_Extracted data entries:_
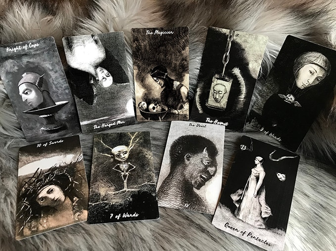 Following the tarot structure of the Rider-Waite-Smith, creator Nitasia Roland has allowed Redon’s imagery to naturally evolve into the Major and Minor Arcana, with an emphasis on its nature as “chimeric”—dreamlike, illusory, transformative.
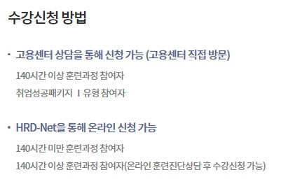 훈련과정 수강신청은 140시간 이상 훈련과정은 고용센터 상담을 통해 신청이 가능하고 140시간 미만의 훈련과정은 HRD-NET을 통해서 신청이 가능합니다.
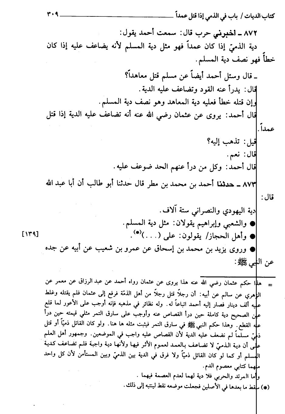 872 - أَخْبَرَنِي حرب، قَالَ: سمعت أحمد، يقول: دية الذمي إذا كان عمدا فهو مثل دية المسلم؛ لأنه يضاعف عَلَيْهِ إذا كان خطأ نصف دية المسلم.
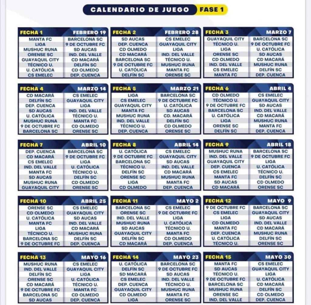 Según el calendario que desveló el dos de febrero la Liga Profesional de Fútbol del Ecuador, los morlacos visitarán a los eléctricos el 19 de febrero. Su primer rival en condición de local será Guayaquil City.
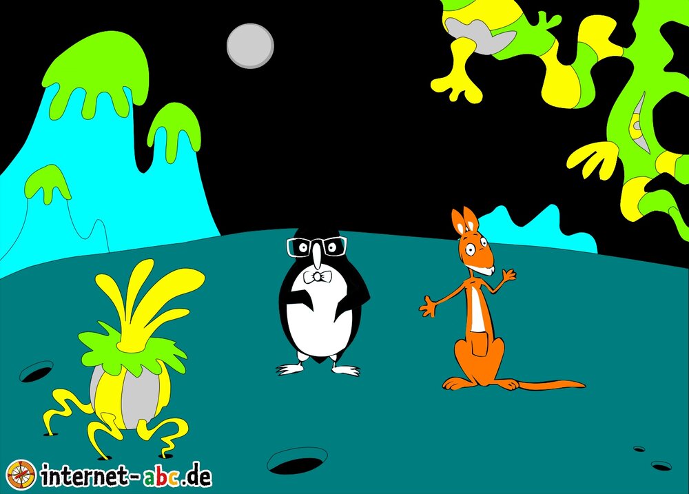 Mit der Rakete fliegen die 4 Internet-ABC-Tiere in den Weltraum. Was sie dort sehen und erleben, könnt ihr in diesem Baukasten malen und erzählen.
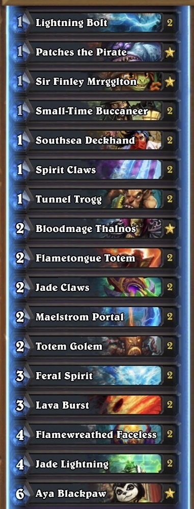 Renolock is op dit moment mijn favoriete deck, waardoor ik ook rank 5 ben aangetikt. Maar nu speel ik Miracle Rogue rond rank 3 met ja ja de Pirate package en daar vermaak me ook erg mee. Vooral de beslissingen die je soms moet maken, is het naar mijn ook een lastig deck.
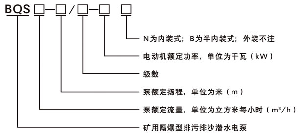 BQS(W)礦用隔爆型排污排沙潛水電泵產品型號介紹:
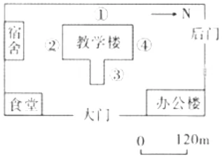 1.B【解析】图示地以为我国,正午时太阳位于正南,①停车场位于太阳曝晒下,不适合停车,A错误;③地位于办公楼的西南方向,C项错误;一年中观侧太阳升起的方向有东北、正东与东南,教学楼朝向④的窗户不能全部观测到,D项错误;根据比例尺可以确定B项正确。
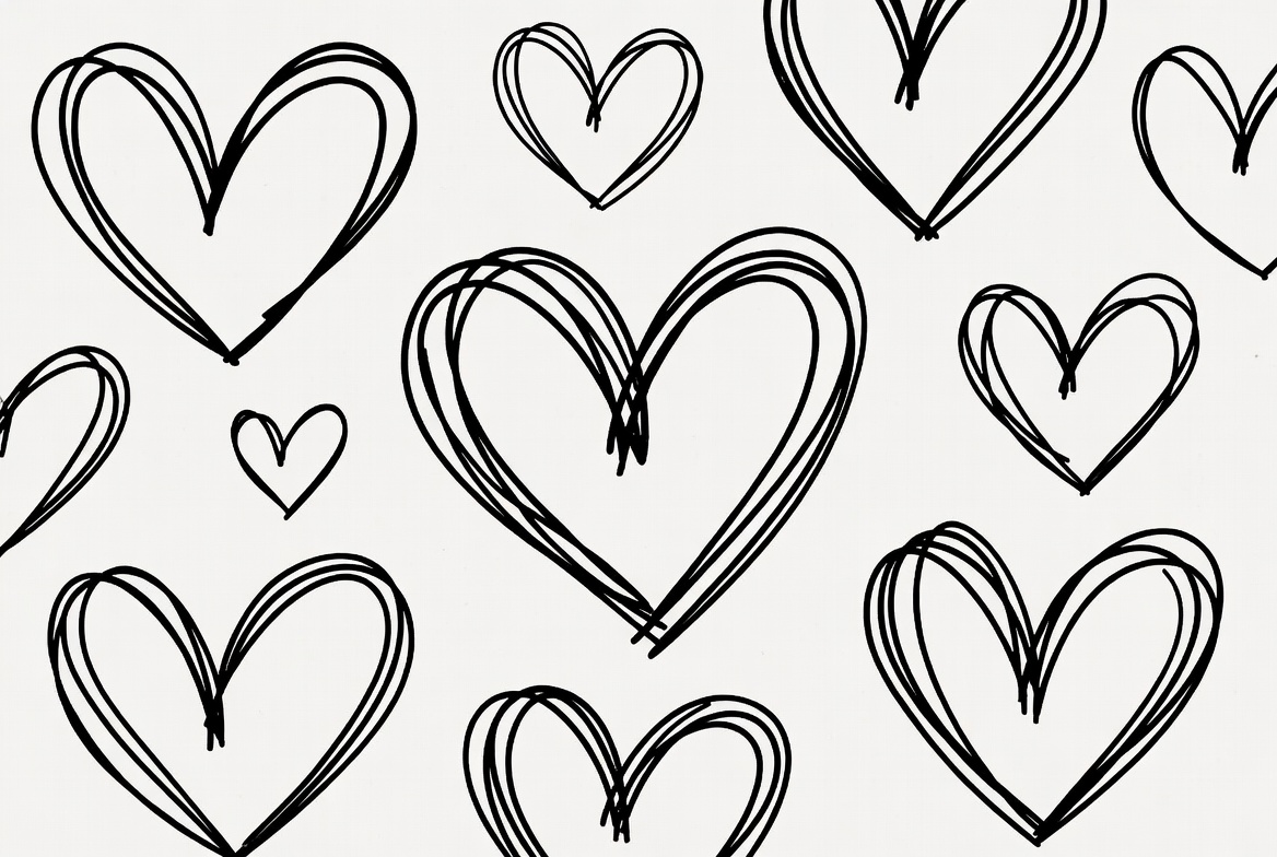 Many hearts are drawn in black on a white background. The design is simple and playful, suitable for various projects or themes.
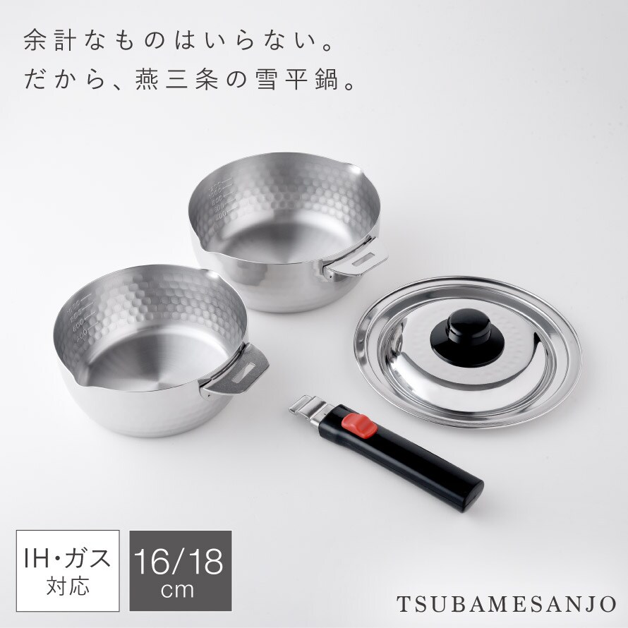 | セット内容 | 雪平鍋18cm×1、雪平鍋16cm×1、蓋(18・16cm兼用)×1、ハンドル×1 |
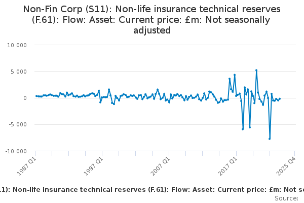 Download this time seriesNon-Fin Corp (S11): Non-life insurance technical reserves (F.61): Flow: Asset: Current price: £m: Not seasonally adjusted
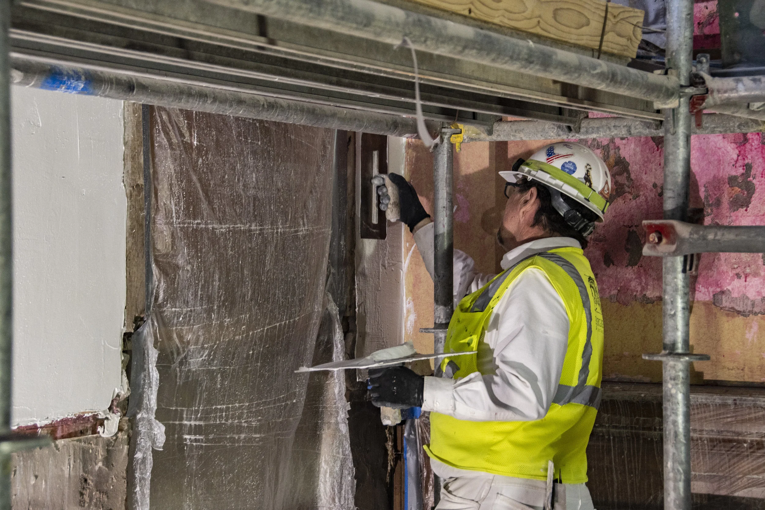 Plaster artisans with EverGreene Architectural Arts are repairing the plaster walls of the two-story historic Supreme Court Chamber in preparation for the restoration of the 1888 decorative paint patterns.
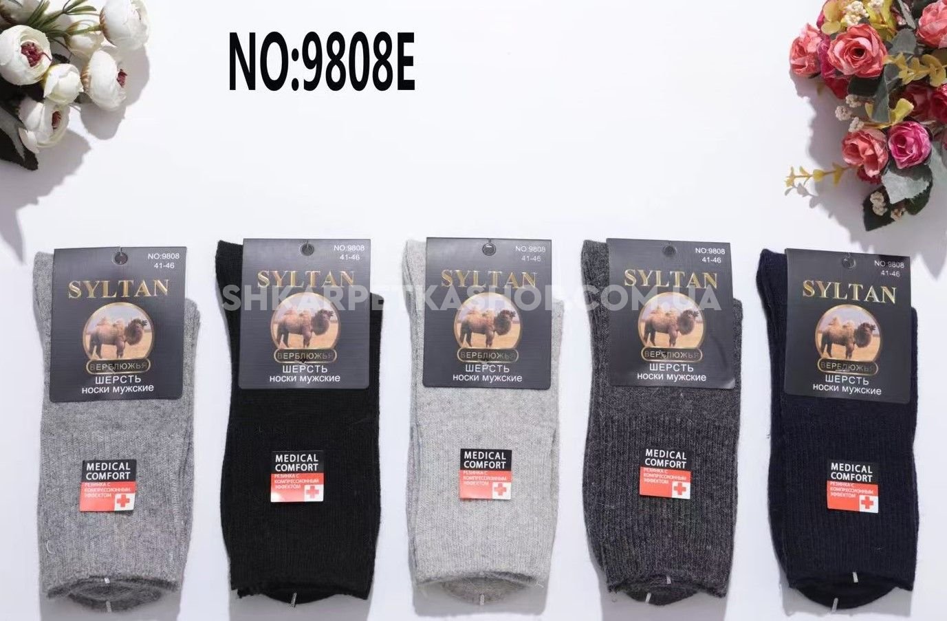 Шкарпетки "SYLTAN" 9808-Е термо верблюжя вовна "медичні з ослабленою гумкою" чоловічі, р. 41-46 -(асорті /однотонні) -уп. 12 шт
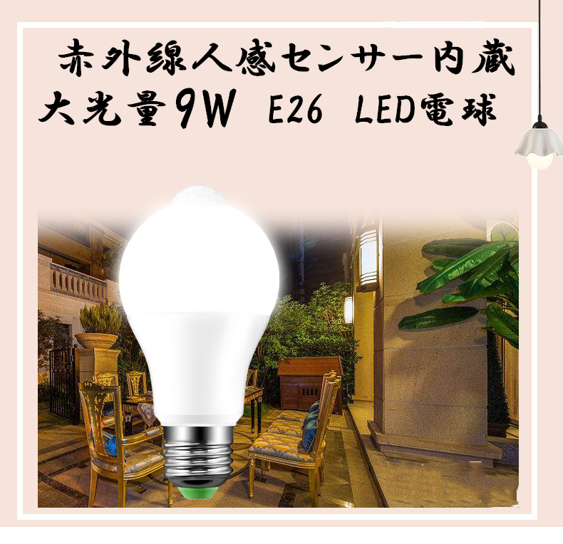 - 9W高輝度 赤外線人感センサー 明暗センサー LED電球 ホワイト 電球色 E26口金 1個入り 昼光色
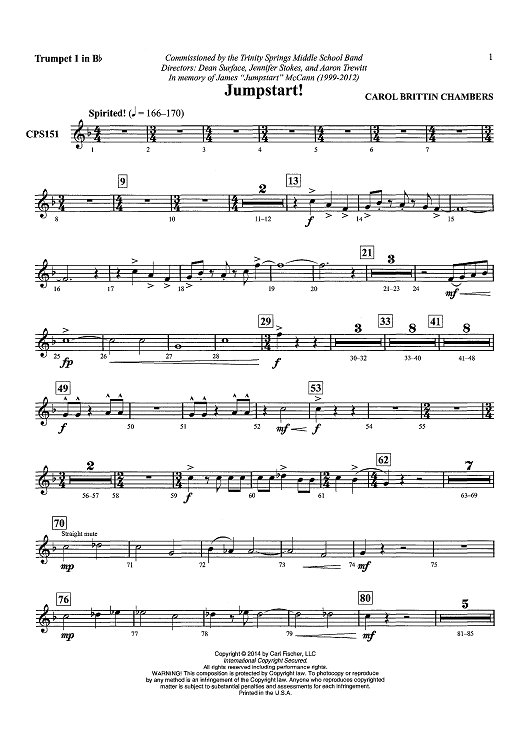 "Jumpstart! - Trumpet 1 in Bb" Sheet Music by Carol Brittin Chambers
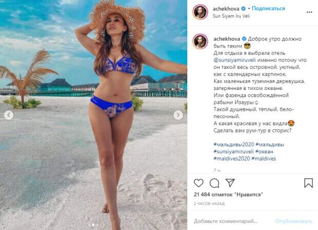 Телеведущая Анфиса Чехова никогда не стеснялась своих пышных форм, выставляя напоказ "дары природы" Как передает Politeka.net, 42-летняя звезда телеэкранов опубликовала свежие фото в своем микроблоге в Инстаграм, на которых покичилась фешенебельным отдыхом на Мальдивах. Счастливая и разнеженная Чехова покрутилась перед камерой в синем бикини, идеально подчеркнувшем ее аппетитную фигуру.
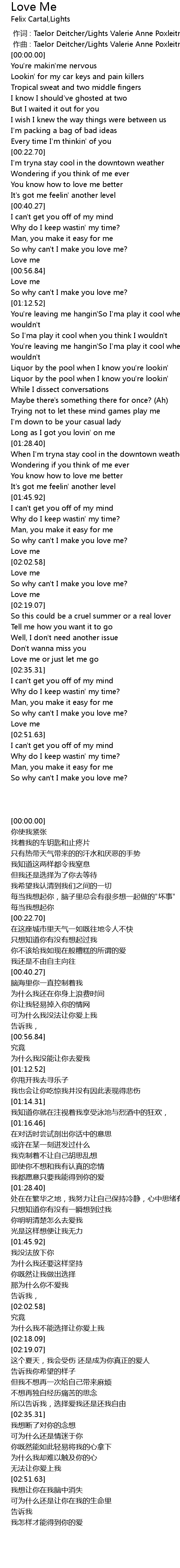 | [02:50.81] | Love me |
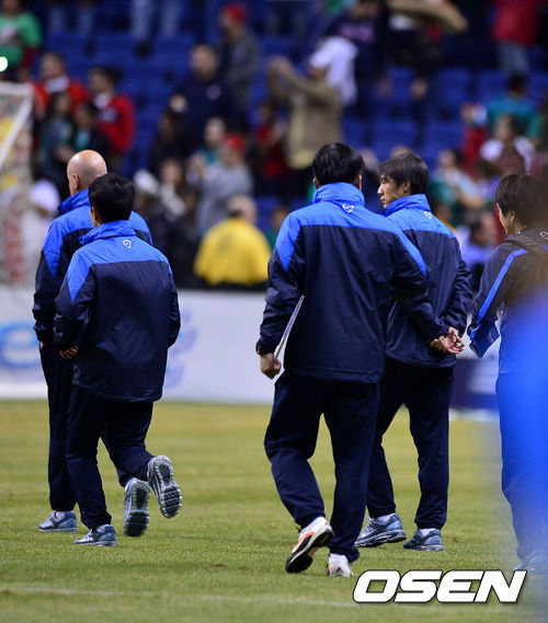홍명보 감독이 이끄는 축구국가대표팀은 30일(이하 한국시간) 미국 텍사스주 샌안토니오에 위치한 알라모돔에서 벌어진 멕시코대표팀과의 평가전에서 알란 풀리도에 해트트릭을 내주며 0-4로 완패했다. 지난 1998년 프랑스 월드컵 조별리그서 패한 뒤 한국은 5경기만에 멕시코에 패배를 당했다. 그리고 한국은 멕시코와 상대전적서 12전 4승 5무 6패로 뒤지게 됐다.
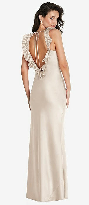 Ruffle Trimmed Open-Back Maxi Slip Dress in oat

_DESCRIPTION OF THE TASK:_ Repeat exactly the lines above, from the line that contains "훈련과정 수강신청은 140시간" down through the line that contains "Mit der Rakete". Include both of those lines and none of the pictures.

_REPLY TO THE TASK:_
 훈련과정 수강신청은 140시간 이상 훈련과정은 고용센터 상담을 통해 신청이 가능하고 140시간 미만의 훈련과정은 HRD-NET을 통해서 신청이 가능합니다.
 872 - أَخْبَرَنِي حرب، قَالَ: سمعت أحمد، يقول: دية الذمي إذا كان عمدا فهو مثل دية المسلم؛ لأنه يضاعف عَلَيْهِ إذا كان خطأ نصف دية المسلم.
 Según el calendario que desveló el dos de febrero la Liga Profesional de Fútbol del Ecuador, los morlacos visitarán a los eléctricos el 19 de febrero. Su primer rival en condición de local será Guayaquil City.
 Mit der Rakete fliegen die 4 Internet-ABC-Tiere in den Weltraum. Was sie dort sehen und erleben, könnt ihr in diesem Baukasten malen und erzählen.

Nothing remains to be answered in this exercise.